To evaluate the given integral, we first simplify the integrand. The expression inside the integral is:
4y^2 – 5y + 12y – y^2 + y^3
Combining like terms yields:
(4y^2 – y^2) + (-5y + 12y) + y^3 = 3y^2 + 7y + y^3
Now our integral is:
∫ (y^3 + 3y^2 + 7y) dy from 1 to 2.
Next, we compute the antiderivative:
- For y^3, the antiderivative is (1/4)y^4.
- For 3y^2, the antiderivative is (1)y^3.
- For 7y, the antiderivative is (7/2)y^2.

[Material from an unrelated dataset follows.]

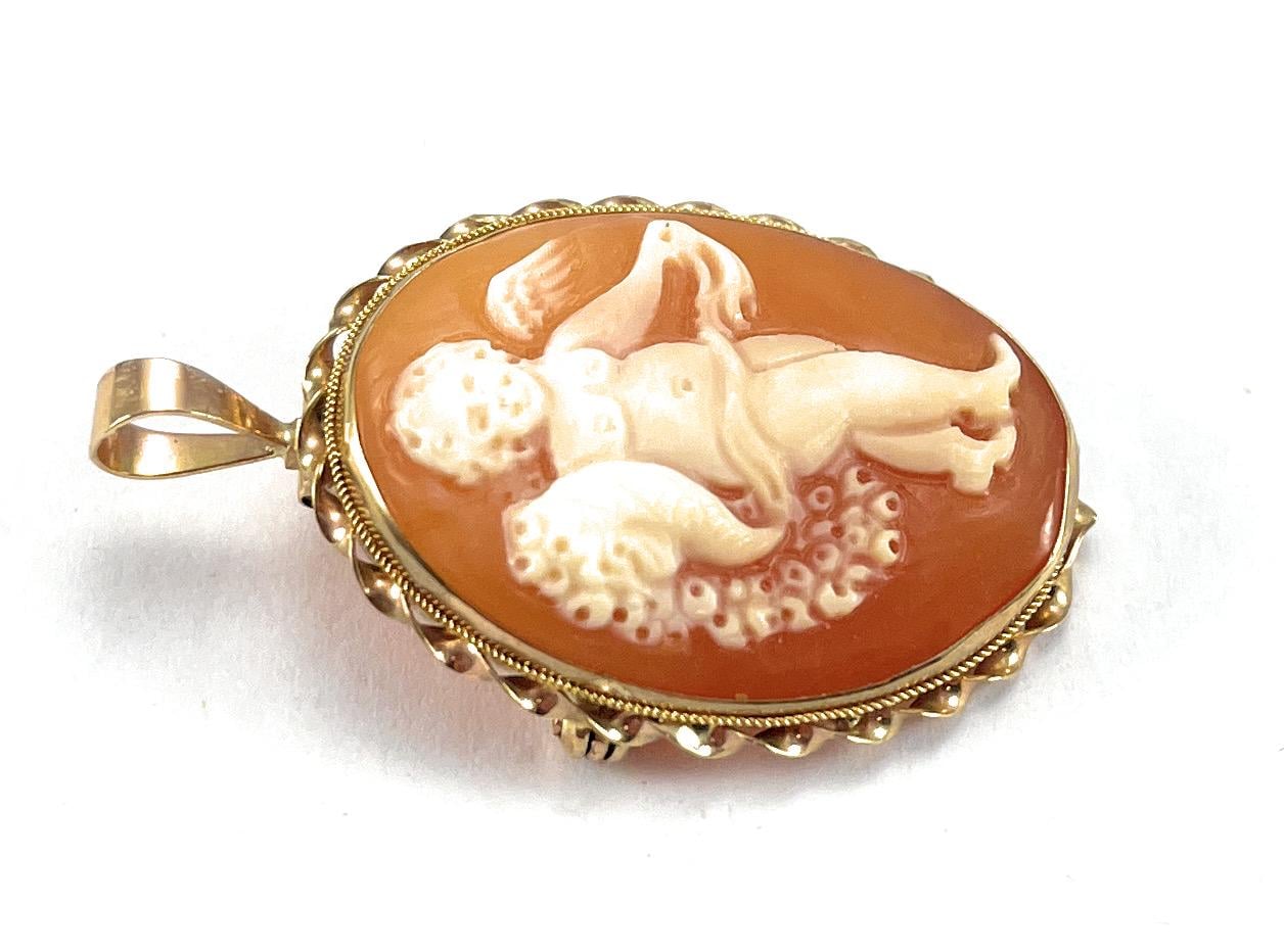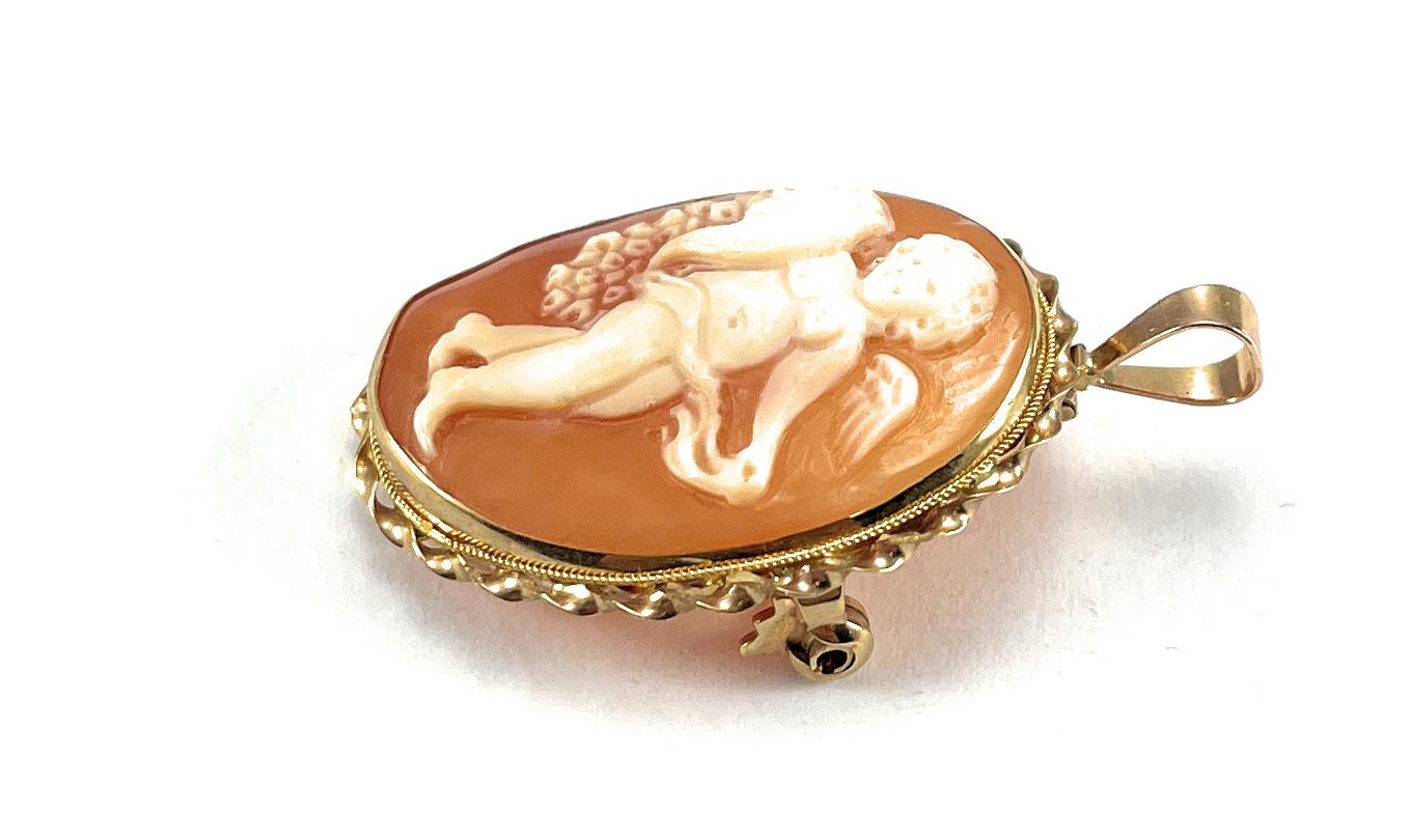 Introducing our exquisite Cameo Pendant / Brooch featuring a beautifully detailed Dancing Cherub—an elegant accessory that seamlessly combines vintage charm with timeless sophistication.

Therefore, the antiderivative of the entire expression is:
(1/4)y^4 + y^3 + (7/2)y^2
Now we need to evaluate this from 1 to 2:
Calculating at the upper bound (y = 2):
(1/4)(2^4) + (2^3) + (7/2)(2^2) = (1/4)(16) + 8 + (7/2)(4) = 4 + 8 + 14 = 26
Now at the lower bound (y = 1):
(1/4)(1^4) + (1^3) + (7/2)(1^2) = (1/4)(1) + 1 + (7/2)(1) = 1/4 + 1 + 3.5 = 4.75
Finally, to find the value of the integral, we subtract the evaluation at the lower bound from the upper bound:
26 – 4.75 = 21.25
Thus, the value of the integral from 1 to 2 of the given expression is 21.25.